As the TOC value increases to 9%, the entire curve shifts to the right, indicating an increase in rock hydrophobicity. The findings revealed that for a shale sample with a TOC value of 9%, 25% of the shale samples will be CO2-wet. A similar trend was observed when the TOC value increased to 14%, where the shale surface becomes even more CO2-wet, and around 35% of the rock samples become CO2-wet. However, further increase in the TOC value did not change the distribution of the contact angle values, which suggests a high dependency of the wettability on the other input parameters.
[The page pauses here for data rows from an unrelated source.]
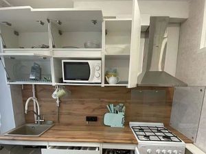Квартира с новым ремонтом. Есть всё необходимое: стиральная машина, утюг, кухонный гарнитур, встроенный холодильник, духовка, плита, двуспальная кровать с вместительным поддоном, огромный шкаф (который отгораживает кровать) и многое другое.
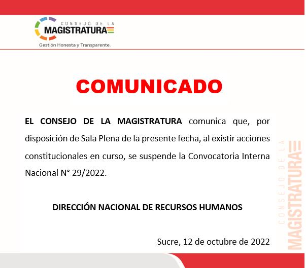 🔵 #Último | #Política El Consejo de la Magistratura comunica que por disposición de Sala Plena, se suspende la convocatoria interna N° 29/2022 para la elección de jueces. pic.twitter.com/GsJTkSr5Sl
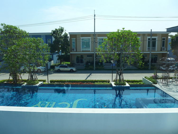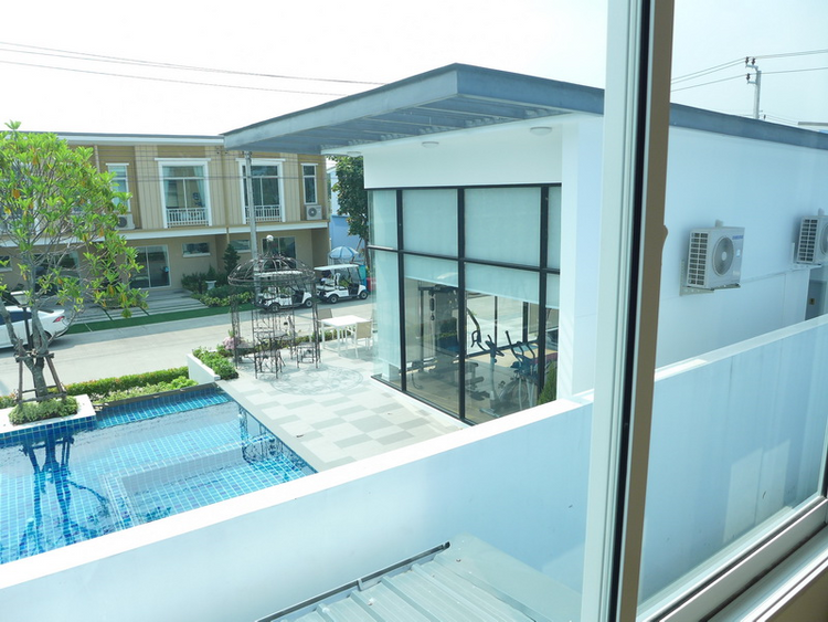 - ทำเลอยู่ที่ด้านหน้าโครงการเลยตัวบ้านด้านหลังติดอยู่กับ ฟิตเนสและสระว่ายของโครงการ
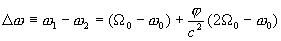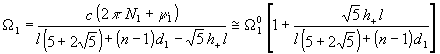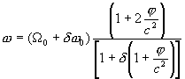 where W0 is the resonator eigenfrequency, w0 is the laser operating medium atomic transition eigenfrequency, independant on gravitational potential, d is stabilization parameter (approximately equal to resonator mode line width / Doppler line width radio). If potential j varies along the resonator axis line, for example, at the vertical arrangement of resonators, then it can be demonstrated that in this case some efficient potential value should be substituted into the given above formula, being numerically equal to the value j in some internal - "middle" - resonator point. Limiting case of small stabilization parameters When d -> 0, what corresponds to the real case of gaseous lasers (d ~ 10-2-10-3), the generation frequency is determined by the resonator eigenmode frequency w0:
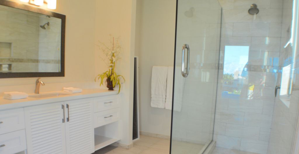 Accommodation - The villa uniquely boasts 5 bedrooms/4.5 bathrooms - three King master suites with private bathrooms on the upper floor, each enjoying great breeze and a large balcony decked out with comfortable seating and loungers, two bedrooms on the Pool level, one Queen with en suite bathroom and the other a Trundle bed with half bath.
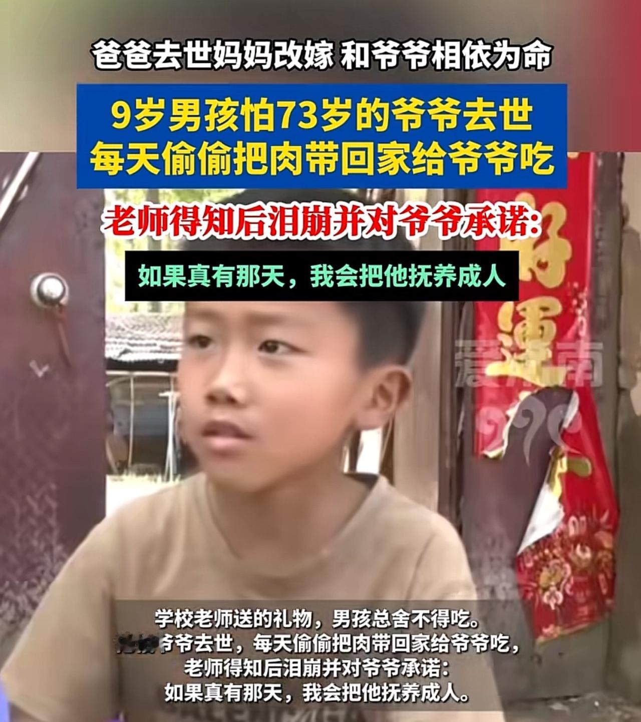 当老师问他为什么不吃肉时,他红着眼眶说:“我怕爷爷也走了,他从来没吃过这么好的肉。”

R-values were calculated between the input parameters and the corresponding CA-value output values for each TOC value. Figure 13 shows the dependency of CA-value on various input parameters, which is independent of the TOC value. The R-values are almost constant for each parameter with increasing TOC values until a value of 9%. The R-value between the pressure and contact angle increased from 0.48 at low TOC values to 0.63 at high TOC values, confirming an increasing dependency of CA on pressure at high TOC values, consistent with the results shown in Fig. 12.

Figure 13
figure 13

The CA-value sensitivity to the different input parameters. (a) The trend of R-value between the different parameters and contact angle for different TOC, (b) average R-values between the different parameters and contact angle.

Figure 13b shows the average R-value between the input parameters and the contact angle at different TOC values. Operating pressure has the highest positive effect on the CA-values, followed by salt concentration in the brine solution. On the other hand, temperature has the most significant negative effect on the CA-values. The concentrations of clays and quartz display a negative relationship with the CA-value, indicating that the shale surface becomes more water-wet as their concentrations increase. In contrast, carbonates show a positive relationship with the CA-value, where the shale surface wettability turns less hydrophilic as the carbonate concentrations increase.

Conclusions

This study utilized machine learning techniques, including ANN, ANFIS, and SVM, to predict the contact angle of shale formations under various operational conditions, eliminating the need for expensive and time-consuming experimental measurements. The results of this study are outlined below.

  • The different ML models accurately predicted contact angle based on shale mineralogy and operating conditions.

  • ANN model outperformed other ML models with R2 higher than 0.96 and RMSE less than 5 for training, testing and validation datasets.

  • SVM model showed overfitting problem with R2 values decreased from 0.99 to 0.88 for the training dataset compared to the validation dataset.

  • An empirical correlation was developed based on ANN model to predict contact angle without rerunning ML models with validation R2 of 0.96.

  • Operating pressure had the most significant impact on shale wettability at constant TOC, and contact angle dependency on pressure increased at high TOC values.